Hi Brian and all!
Brian Ingerson ingy@ttul.org wrote: [SNIP]
I have some concern about muddying the waters as to where to look for Squeak packages - as I think Ned mentioned, SqueakMap has gained a lot of momentum and mind share lately, and if FreePAN is going to work for the Squeak community we'll have to be careful to coordinate/integrate with SqueakMap, not compete with it.
Definitely. It seems that FreePAN just offers SqueakMap mirroring. This is something SqueakMap appears not to have. Same with Ruby and RAA.
First of all - if I haven't already said so - I am all ears for coordination/integration/cooperation - that is always good. Mind though that SqueakMap may have an architecture (especially upcoming 1.1) that might make it a bit "incompatible" - I am not sure though just noting it for the record.
Well, in fact SqueakMap has mirroring - sort of - we just haven't set up any mirrors yet. :-) Ehrm. A mirror of SqueakMap is easily set up by simply setting up another server (identical code) and having it regularly update itself from the master and disabling the web UI for changing the model. No code to be written for this.
Setting one up is on my todo-list but so is also getting SM1.1 out of the door... And SM1.1 will offer more interesting replication with the added ability to have additional "local" content.
SM works by mirroring itself down to the client using a transaction model which makes it theoretically much more efficient than rsync. It also makes it "smartness capable" - the transactions are actually messages that get replayed at the client and the client modifies the local mirror accordingly. At that time it can "react" to the transactions etc.
In SM1.1 I plan to let a mirror be able to have local changes (like an added local package for example) that can optionally be "published" to a selected master higher up in the hierarchy.
This means that a person can have private packages in his/her local SM and a company or organisation can have companywide packages not visible outside the company etc.
It also means that modifications to the map can be applied locally and then published (compared to the current model where modifications to the map can only be applied on the master through the web UI).
Anyway, enough blabbering about that. :-)
I suspect that FreePAN may offer other features too, but I'd leave it up to the Language Managers as to how much they want.
Competition is not bad in itself. I am completely open to building bridges to other facilities. But I'm also interested in offering an alternative to CPAN for Perl, which in many ways has stagnated.

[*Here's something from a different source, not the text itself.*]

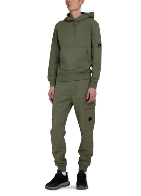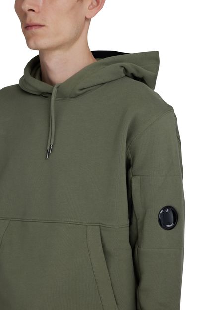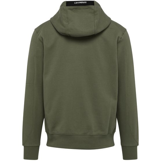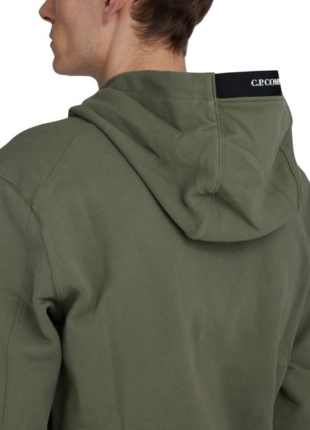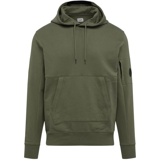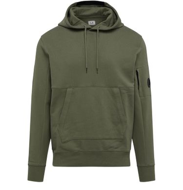 C.P. Company's Hoodie offers a slim fit that hugs the body, featuring an adjustable drawstring neckline for a personalized touch. Long sleeves provide warmth, while the iconic logo on the hood and sleeve adds a signature flair. A convenient kangaroo pocket and a sleeve pocket enhance functionality, complemented by ribbed cuffs for a snug finish.

The best way to collaborate here I think is by:
1. Explaining our architectures to each other and learn good stuff. 2. Building a bridge from SqueakMap to FreePAN so that SqueakMap is mirrored into FreePAN. The other direction will be harder I think.
SqueakMap is an architecture heavily focused on Squeak and should remain so. But if there is interest in mirroring the SM content on FreePAN then of course, why not! Personally I am not sure though what the advantage would be - don't mistake me for being negative here - I just need to get the advantages explained to me. :-)
But I don't think I want to limit the development of SM to be constrained by a common possibly simpler model of packages - note though that I haven't read up enough on FreePAN to be sure it is simpler - it's just a guess. SM1.1 will for example have releases of packages maintained as separate "records", does FreePAN have something similar?
BTW, I'm trying very hard not to over-architect this project. I want maximum payback for effort. Especially my effort. I want it to be something the community maintains.